■ YOUR ASSIGNMENT ■
In the copy, every line of the material that follows must appear exactly, and no pictures should.

■ SUPPLIED MATERIAL ■

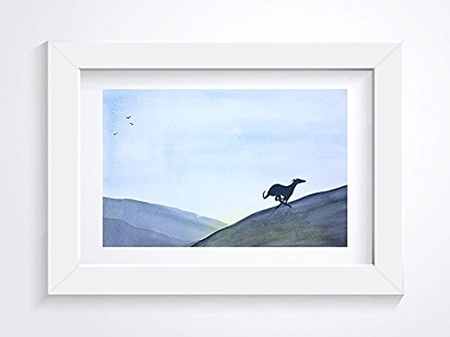 GreyhoundArt - Stampa artistica, tema: levriero / segugio, formato A4, con supporto, misure: 27,94 x 35,56 cm, motivo: correre liberi
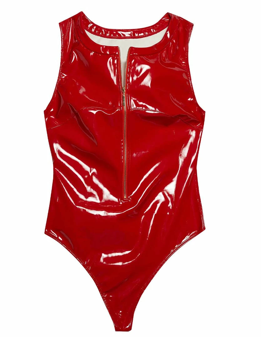 HUSTLER® Maxine PVC Bodysuit is a great item to have when you’re feeling frisky. This wet look bodysuit is easy to put on and on with a front zipper. The PVC repels moisture and also adds to your BDSM look. Style this up with pasties underneath or nothing at all. For more cleavage and chest room, simply use the zipper down to your liking and comfort. This is the perfect bodysuit to have for your Valentine’s day kinky affairs.
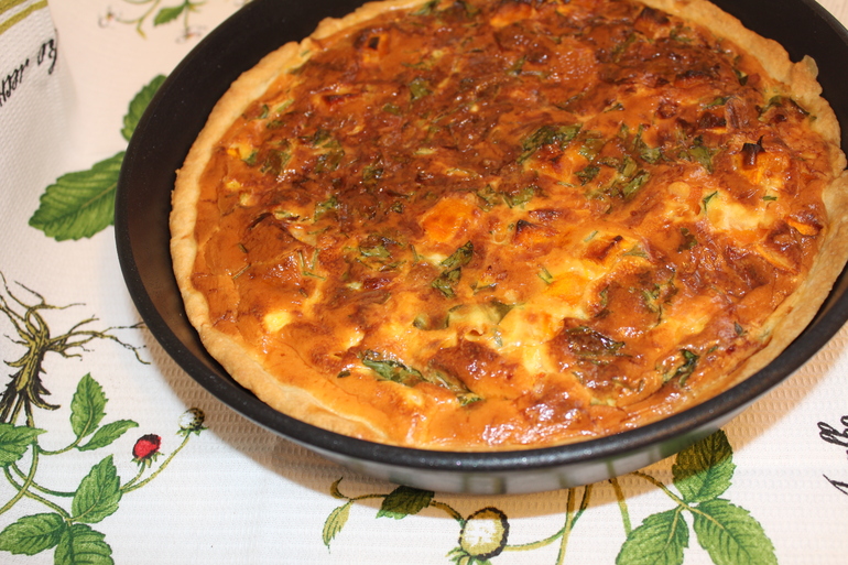 На тесто выложить запеченную тыкву, сверху равномерно распределить заливку.

■ ANSWER TO THE EXERCISE ■
 GreyhoundArt - Stampa artistica, tema: levriero / segugio, formato A4, con supporto, misure: 27,94 x 35,56 cm, motivo: correre liberi
 HUSTLER® Maxine PVC Bodysuit is a great item to have when you’re feeling frisky. This wet look bodysuit is easy to put on and on with a front zipper. The PVC repels moisture and also adds to your BDSM look. Style this up with pasties underneath or nothing at all. For more cleavage and chest room, simply use the zipper down to your liking and comfort. This is the perfect bodysuit to have for your Valentine’s day kinky affairs.
 На тесто выложить запеченную тыкву, сверху равномерно распределить заливку.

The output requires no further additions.